Start of Data excerpts

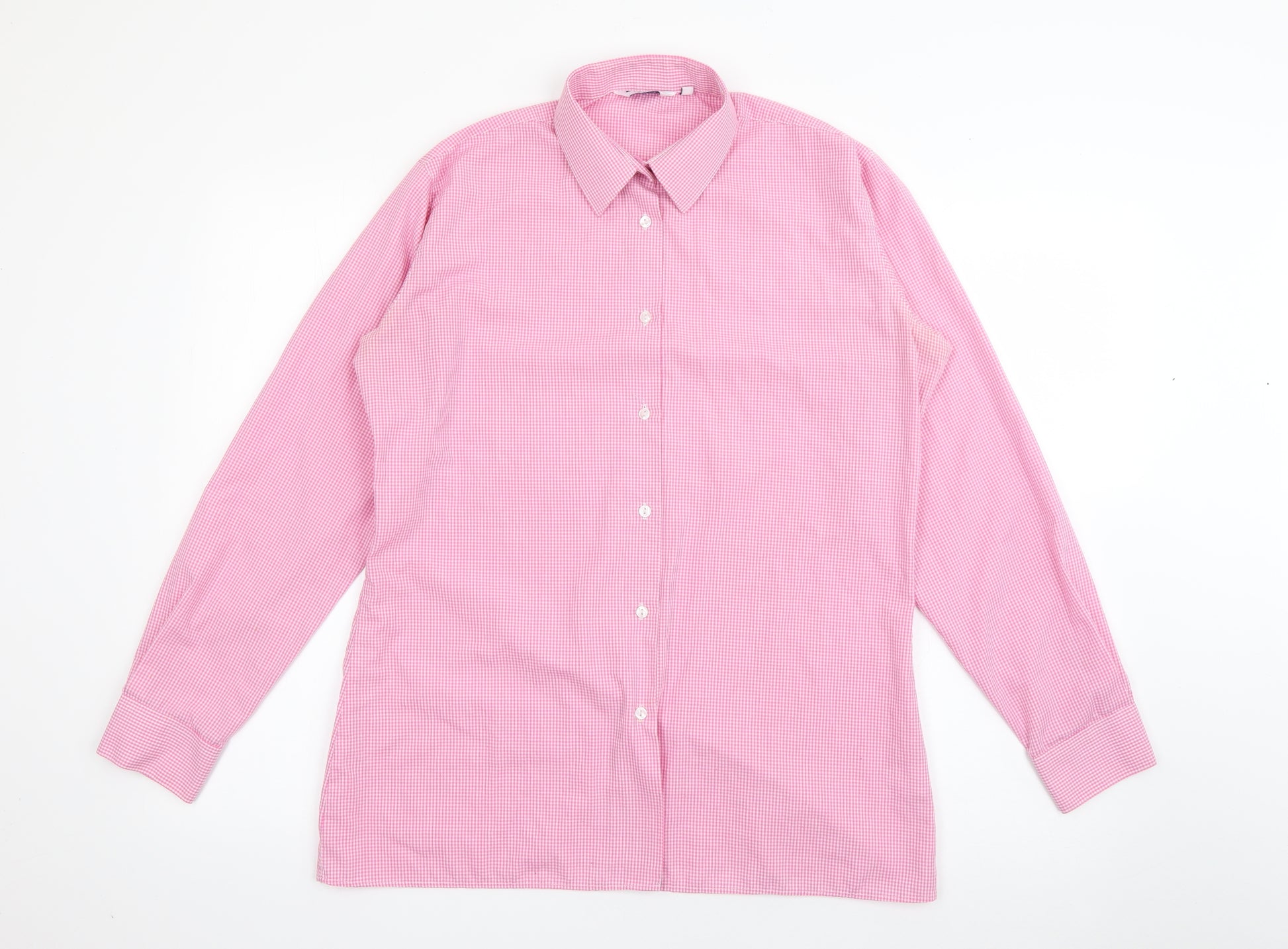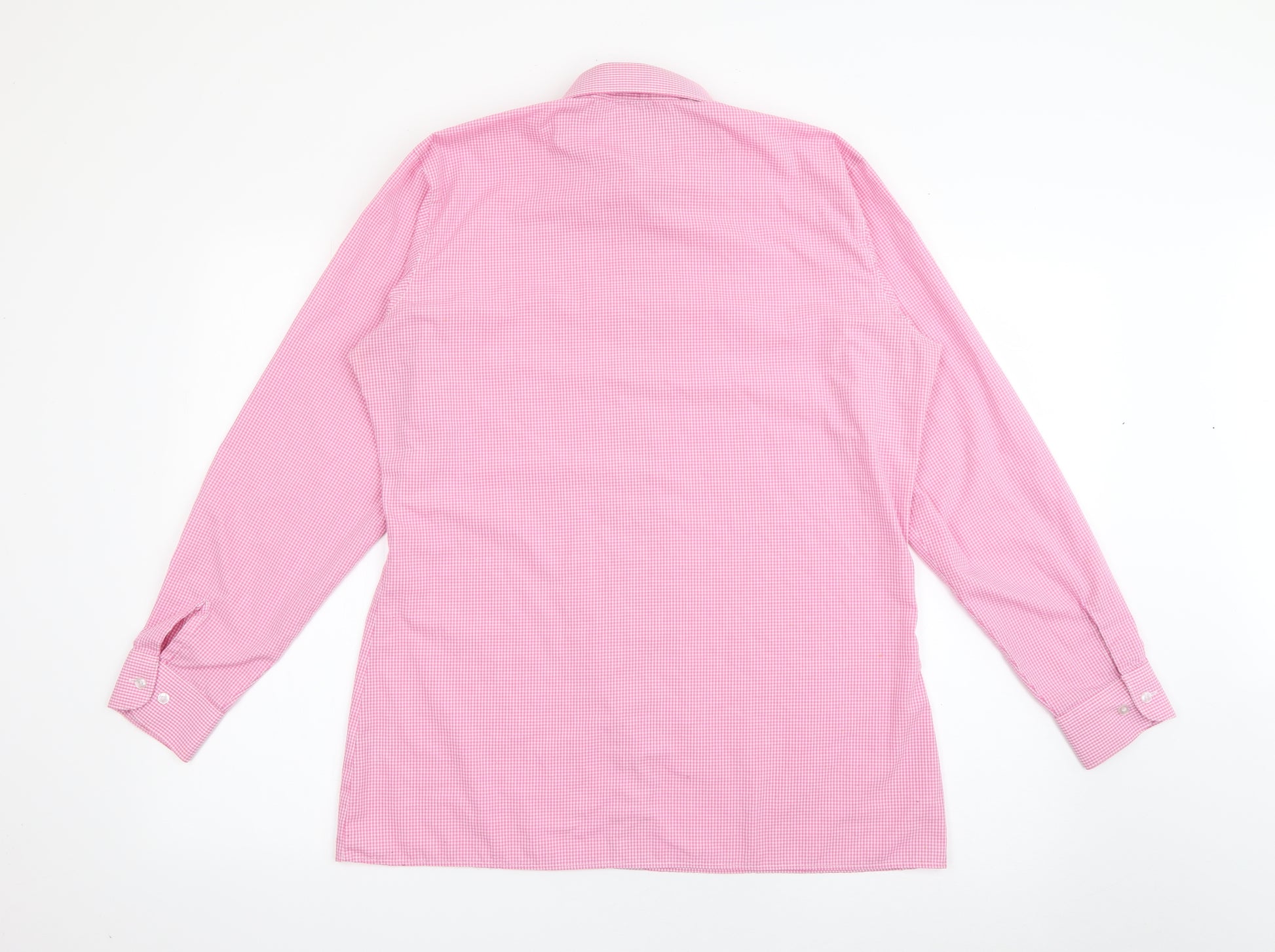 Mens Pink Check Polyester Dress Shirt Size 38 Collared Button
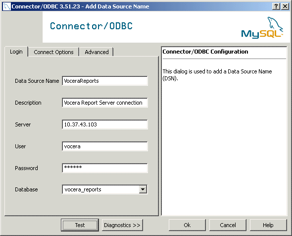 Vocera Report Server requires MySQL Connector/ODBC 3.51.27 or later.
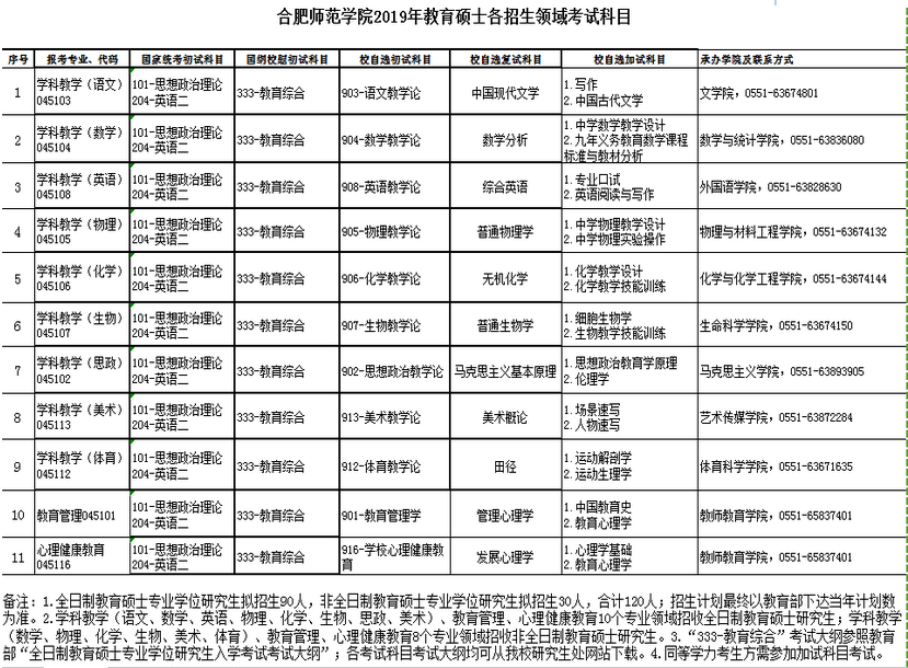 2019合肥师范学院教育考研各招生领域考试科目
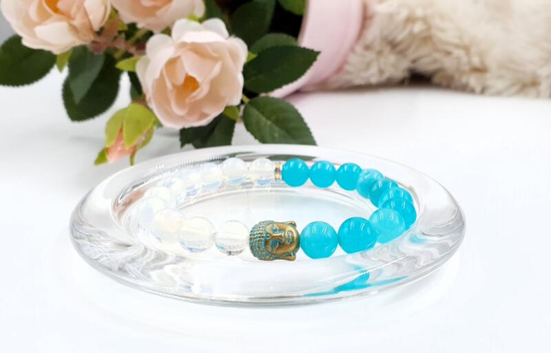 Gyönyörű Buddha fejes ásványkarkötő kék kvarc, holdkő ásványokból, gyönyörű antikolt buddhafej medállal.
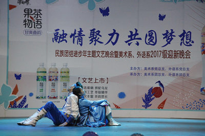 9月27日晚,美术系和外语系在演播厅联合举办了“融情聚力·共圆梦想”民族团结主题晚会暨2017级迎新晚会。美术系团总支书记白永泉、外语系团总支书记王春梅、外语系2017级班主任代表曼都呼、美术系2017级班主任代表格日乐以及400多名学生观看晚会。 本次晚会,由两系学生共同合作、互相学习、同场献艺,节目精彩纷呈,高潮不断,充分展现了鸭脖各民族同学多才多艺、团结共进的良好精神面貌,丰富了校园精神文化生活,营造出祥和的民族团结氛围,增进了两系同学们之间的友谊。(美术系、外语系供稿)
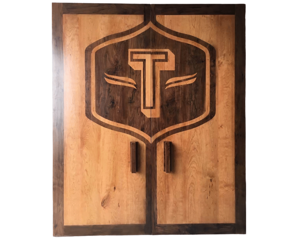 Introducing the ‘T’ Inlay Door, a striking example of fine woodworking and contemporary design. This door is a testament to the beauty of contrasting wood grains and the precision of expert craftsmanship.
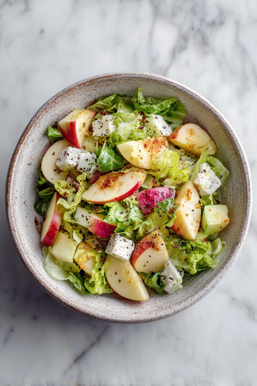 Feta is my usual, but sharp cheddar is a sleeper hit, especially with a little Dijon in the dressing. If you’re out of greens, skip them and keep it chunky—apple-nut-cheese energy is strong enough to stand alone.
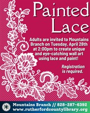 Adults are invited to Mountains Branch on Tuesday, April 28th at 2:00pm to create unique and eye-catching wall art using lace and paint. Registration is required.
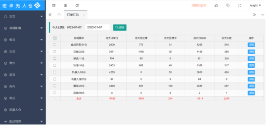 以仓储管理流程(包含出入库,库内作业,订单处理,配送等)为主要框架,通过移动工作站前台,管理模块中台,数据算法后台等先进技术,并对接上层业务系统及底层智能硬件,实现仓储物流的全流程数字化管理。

End of Data excerpts

■ Problem description
Copy back exactly the lines above from the one containing "9月27日晚,美术系和外语系" through the one containing "Introducing the ‘T’", and leave every picture behind.

■ Problem solution
 9月27日晚,美术系和外语系在演播厅联合举办了“融情聚力·共圆梦想”民族团结主题晚会暨2017级迎新晚会。美术系团总支书记白永泉、外语系团总支书记王春梅、外语系2017级班主任代表曼都呼、美术系2017级班主任代表格日乐以及400多名学生观看晚会。 本次晚会,由两系学生共同合作、互相学习、同场献艺,节目精彩纷呈,高潮不断,充分展现了鸭脖各民族同学多才多艺、团结共进的良好精神面貌,丰富了校园精神文化生活,营造出祥和的民族团结氛围,增进了两系同学们之间的友谊。(美术系、外语系供稿)
 Introducing the ‘T’ Inlay Door, a striking example of fine woodworking and contemporary design. This door is a testament to the beauty of contrasting wood grains and the precision of expert craftsmanship.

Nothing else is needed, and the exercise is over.